Robust tenant demand coupled with a lack of available stock has seen lease arrangements weighted heavily in favour of landlords.
CBRE’s Industrial and Logistics Q2 2022 national analysis tells the story. Despite 342,000 square metres of industrial space being added to the market in the second quarter, a record low vacancy rate of 0.8 per cent has demand outstripping supply. The report states that although the forecast new supply of industrial space in 2022 is 50 per cent above the 10-year national average, this still won’t bring the market back to equilibrium.
Phil Grant, director of sales and leasing at NAI Harcourts, says a variety of levers are keeping lessors in the driver’s seat during lease negotiations.
“The uptick in demand has really been right across the board so tenants are on the back foot in lease negotiations – so much so that they’re being forced to compromise. They may choose to secure less than ideal space because that’s all that’s available.”
Grant says the problem is compounded in new projects by a lack of developable land and rising construction costs.
“Two or three years ago we were selling land for low-to-mid $300 per square metre. That same land is now selling for $500 per square metre.
“If you add that to substantially increased construction prices, the cost of completing a new project skyrockets, so owners must demand increased rents to justify their development’s feasibility.”
Grant says the current situation in favour of landlords might seem unbalanced, but it reflects the cyclical nature of commercial property markets.
“Tenants have had the ability to negotiate what they want in the past and have had some measure of power because there were multiple options.
“At the moment, tenants don’t have many other options, so we can negotiate the best possible deal on the owner’s behalf. While owners are being co-operative, and are happy to discuss deals, they are also quite steadfast in what they’re willing to give away and in most recent transactions, there have been little to no incentives regardless of the lease term.”
He says another important element around lease negotiations at present is rent increases. Normally, most leases allow for rent to be increased by either a stated percentage or CPI, whichever is the greater. Of course, in today’s high inflationary environment, tenants are becoming anxious.

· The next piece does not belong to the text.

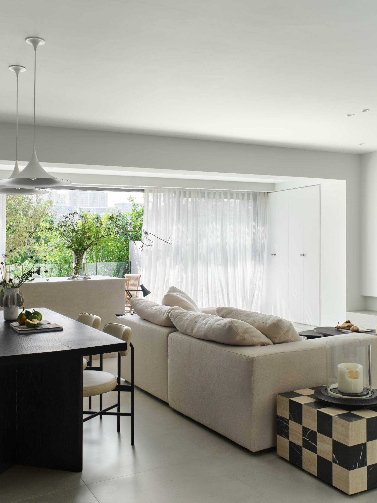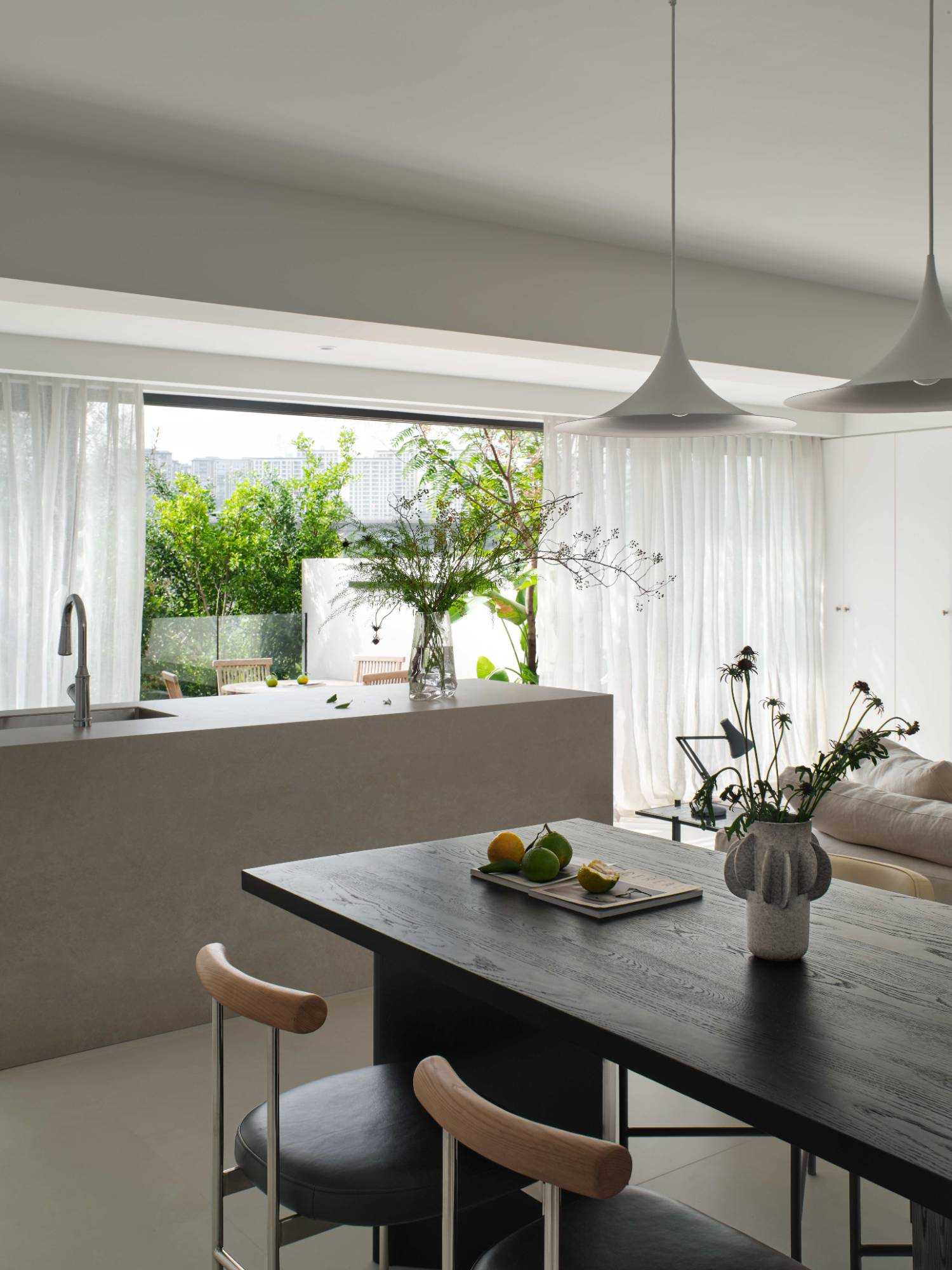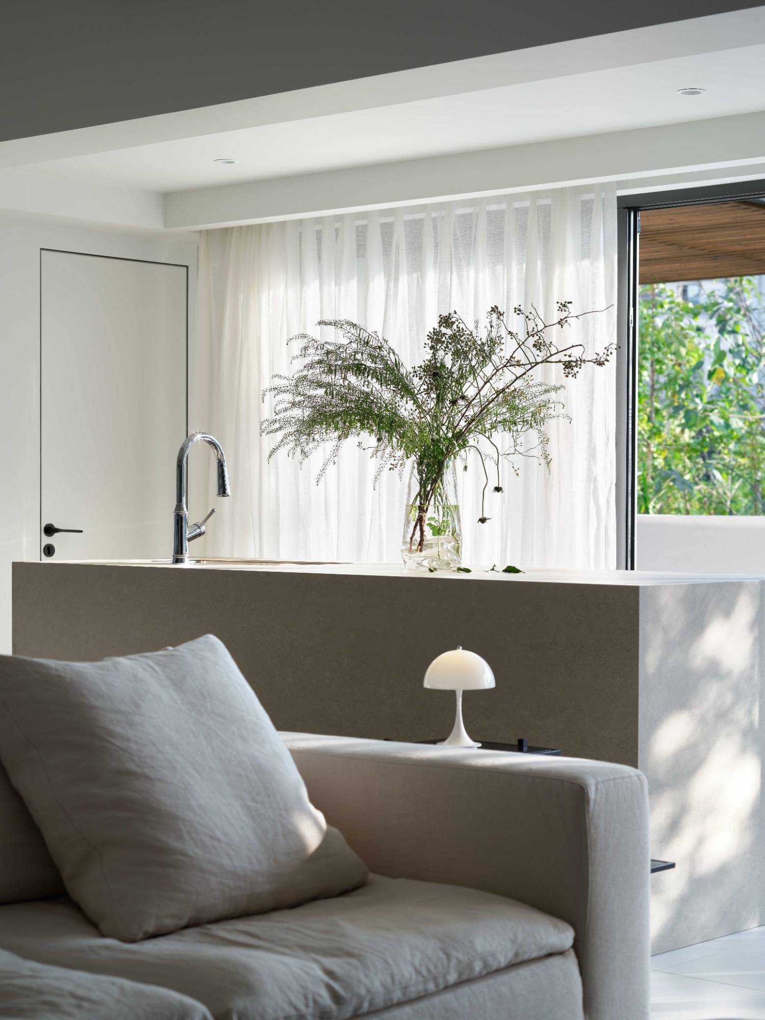 | 1.这套房子原户型布局常规,各个空间相互分离,人行走在空间里动线不便利,动线不舒适,入户大门在传统的电梯门口,因为没有地下车库对屋主来说电梯完全没有使用,电梯的出口恰恰对着原入户大门对屋主形成了干扰和私密性问题。综合考虑把入户大门改在前花园次卧空间。这样入户庭院、入户门厅、鞋帽区、洗手区、储物间,功能性依次排序,也保证了私密性,从而让生活更有仪式感。 屋主从庭院车库进入家门,透过厨房玻璃能看见家内的光影变化。 2.每一处角落,精心布置了绿植,从入户到休闲厅,再到餐厨,每一片绿景都像是大自然的使者,让室内充满生机。屋外的庭院与远处的树景相互呼应,延续了自然的韵律,打造出一个四季分明的生态小天地。不仅是居住的地方,更是放松心灵、重拾活力的场所。 3.房原本是常规高滑窗,经现场勘测结合窗外,考虑了屋主住家的私密性,备餐时的视觉体验,决定拆了压低窗高,做成一条扁长的条窗,窗外种满“绿树”。 这样不仅保障了屋主平时居家时在客厅走动的私密性,厨房窗外看去满是绿植环抱。 | |||
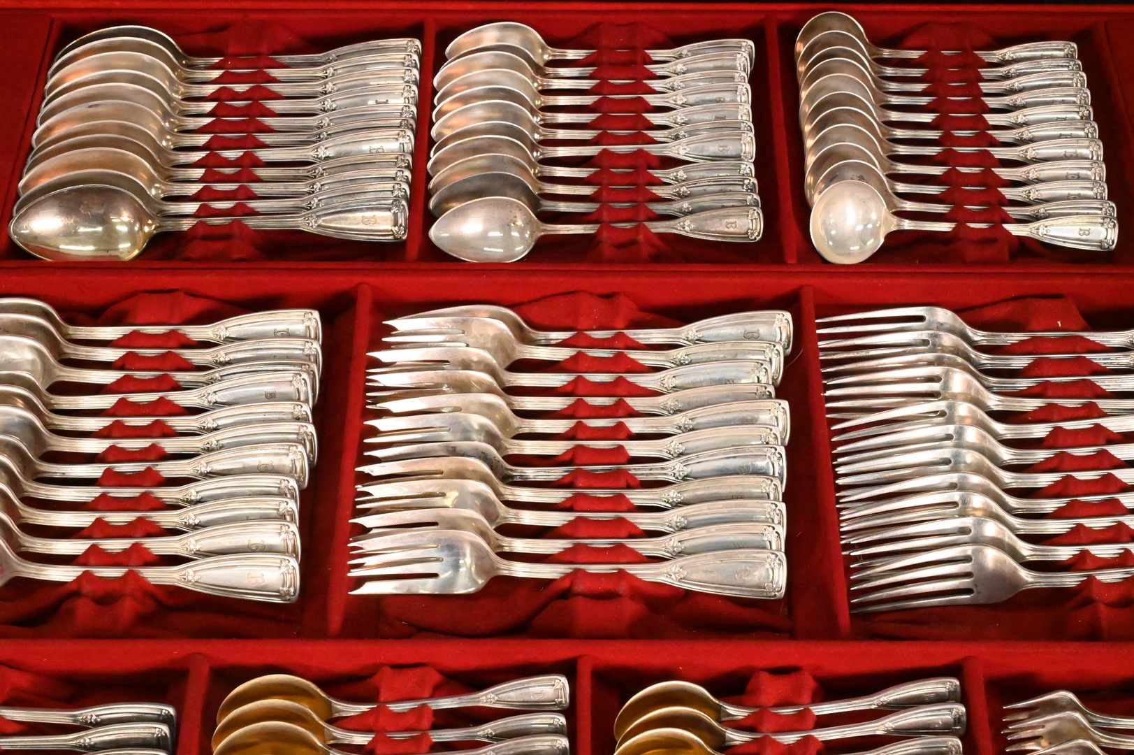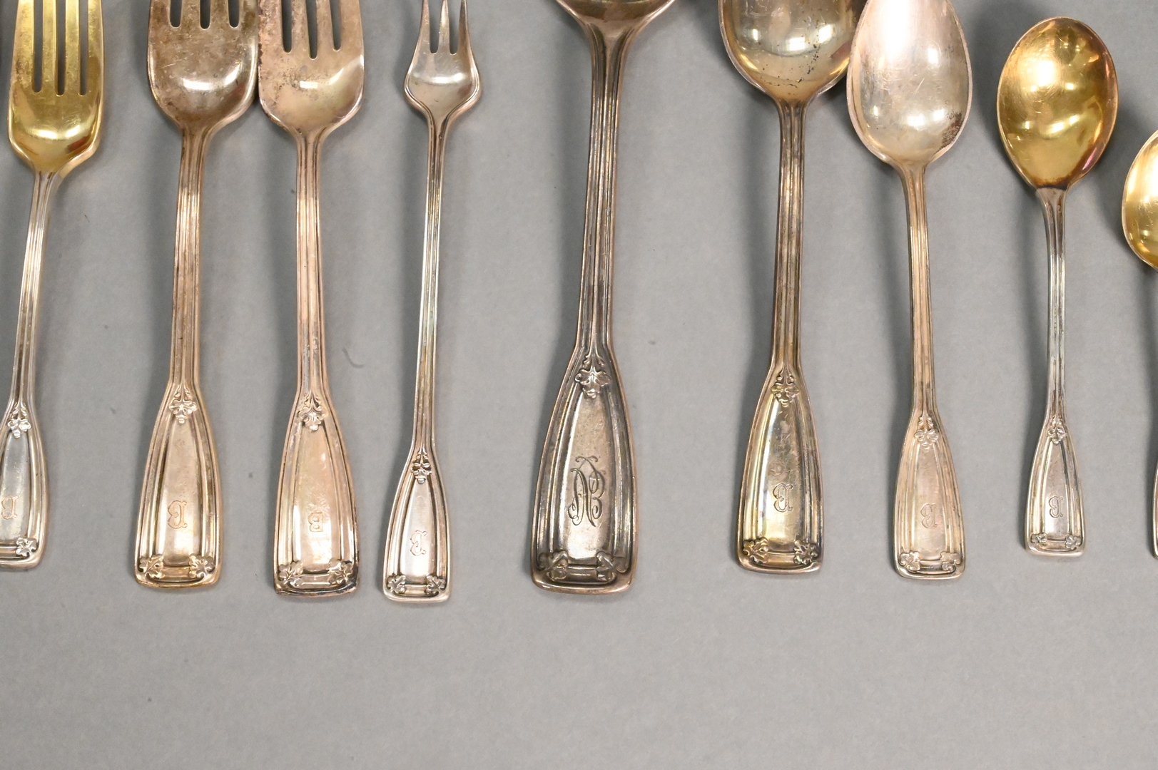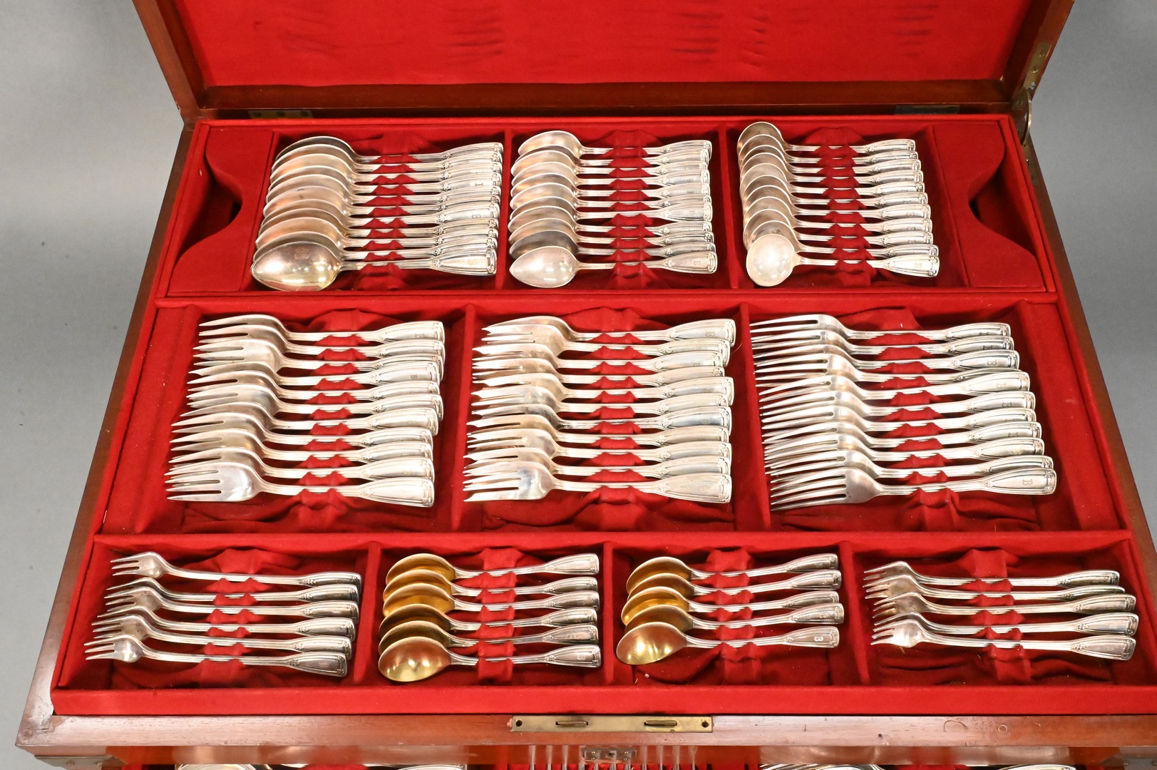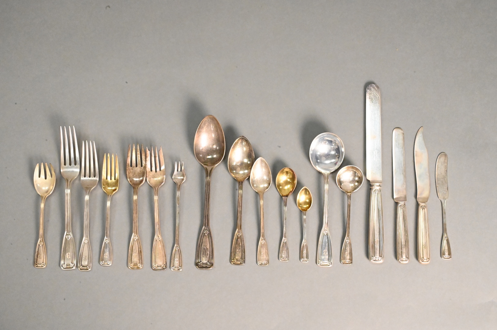 St. Dunstan pattern, to include 12 dinner forks, 24 luncheon forks, 24 salad forks, 12 dessert forks, 12 cocktail forks, 12 fish forks, 12 tablespoons, 16 teaspoons, 12 bouillon spoons, 12 soup spoons, 12 dessert spoons, 11 demitasse spoons, 24 luncheon knives, 12 dinner knives, 12 butter knives, 12 fish knives, 12 salad knives, 2 extra knives

“Tenants are getting a little bit concerned that their annual reviews could be sitting at whatever the CPI is at the time, which could potentially be around 6 per cent. now a lot of tenants want to have just a fixed percentage rent increase in lease negotiations to avoid the risk.”
Grant believes the status quo in favour of landlords will be in place for some time yet.
“There’s unlikely to be a decrease in demand, and there isn’t going to be an oversupply of industrial availability,” he says.
Matt Lee, JLL’s head of industrial and logistics occupier services, represents tenants trying to secure space and he admits the landscape is challenging.
“If they want to renew their lease, they’re seeing 10 to 30 per cent or more mark-up on their rent straightaway and virtually no incentive being offered of any kind. Then, if they look for alternatives, there’s almost nothing available, and what is there is probably just as expensive as the renewal offered.
“The inner suburbs of Sydney and Melbourne are very tight in terms of tenant outcomes. Next in terms of difficulty would be Perth. The markets that give a tiny bit of wriggle room to tenants at present are those where there’s been continued speculative development, so in wider Melbourne and Brisbane, but the mismatch between supply and demand is still above the long-term average in these markets.”